56 –      Ik moet hieraan toevoegen dat het traditionele merkenrechtelijke kader, waarin wordt beoordeeld wat de respons van de consument is op het gebruik van een teken, problemen geeft wanneer slechts gekeken wordt naar de trefwoordselectie. In zoekmachinereclame gaat de gedachtenassociatie van de internetgebruiker die een zoekactie verricht met een bepaalde zoekterm immers vooraf aan de vertoning van de gesponsorde advertentie, te weten het moment waarop het causale effect van het gebruik van het merk voor de gebruiker waarneembaar wordt.


57 –      Arrest Google France en Google, punten 51 en 52; zie ook de conclusie van advocaat-generaal Maduro, punt 150.


58 –      Mijn toevoeging.


59 – Arrest Google France en Google, punt 83.


60 – Zoals ik hierboven heb vastgesteld, kan in zeer specifieke omstandigheden verband houdend met de aard van de waren of diensten, in het licht van de reputatie of secundaire betekenis van het merk afbreuk worden gedaan aan de herkomstaanduidingsfunctie, zelfs wanneer in de advertentie het merk noch wordt genoemd noch daarnaar wordt verwezen.


61 – Over dit spectrum van onderscheidend vermogen, zie Holmqvist, t.a.p., blz. 17‑22.


62 – Zie de arresten Intel Corporation, punt 29, en L’Oréal e.a., punt 39 (beide reeds aangehaald).


63 – Ik spreek hier van de bron of herkomst in abstracte zin, als verwijzing naar de onderneming die de productie van de waren of de aanbieding van de diensten die onder het merk vallen in handen heeft, en niet de fabrikant of de dienstverrichter zelf; zie bijvoorbeeld het arrest Arsenal, reeds aangehaald, punt 48.

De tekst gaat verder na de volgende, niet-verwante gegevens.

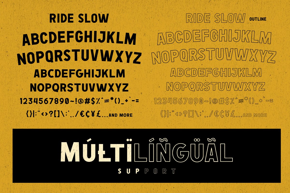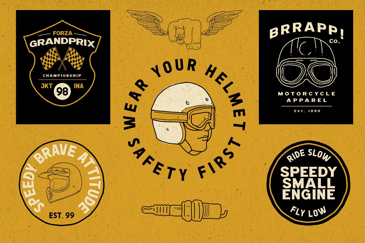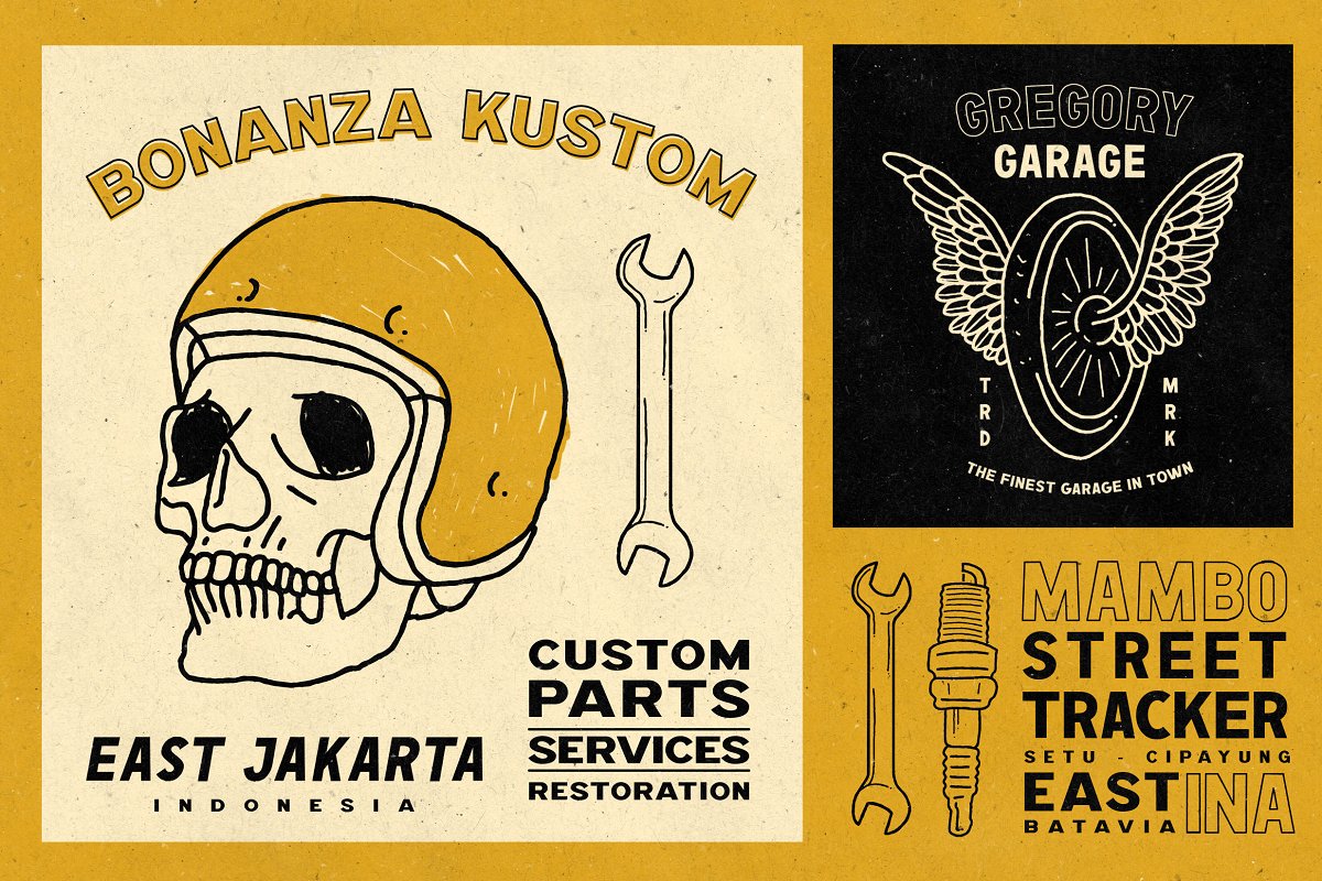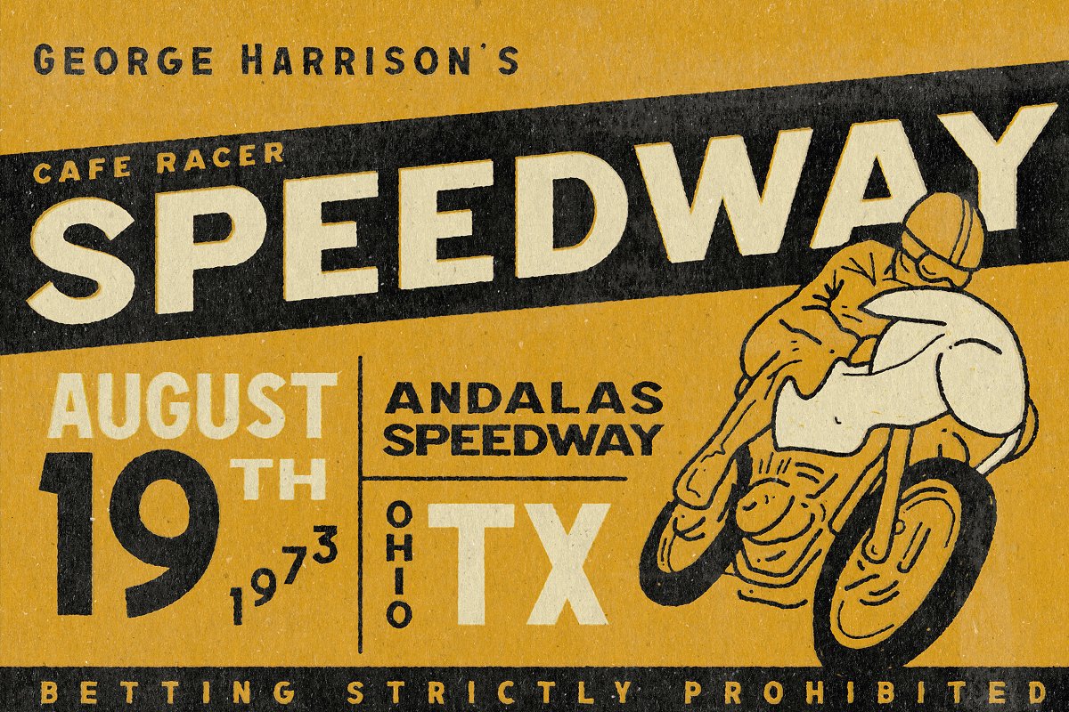 这款字体的灵感来自70年代和80年代的老式摩托车展示和广告。仅仅因为我们非常喜欢经典摩托车,所以决定直奔主题。它包含8种不同的风格加上一个符号插图。完美适合海报设计、标志、复古和复古品牌、摩托车时尚、标志、标签等。

64 –      Vervaging in deze zin wordt niet veroorzaakt door de merkhouder die zijn merk gebruikt voor diverse waren en diensten, mits het merk een naam en een sterk onderscheidend vermogen heeft verworven als resultaat van reclame en andere vormen van marketing waarin de merkhouder heeft geïnvesteerd om een imago voor dat merk te creëren. In dergelijke gevallen identificeert het publiek de verschillende waren of diensten van het merk terecht met één commerciële bron. Wat afbreuk doet aan het onderscheidend vermogen van het merk, is het naast elkaar bestaan van gelijke of overeenstemmende merken voor verschillende waren of diensten van verschillende herkomst, omdat dat in de weg staat aan de ontwikkeling van een merkimago of een bestaand imago verwatert.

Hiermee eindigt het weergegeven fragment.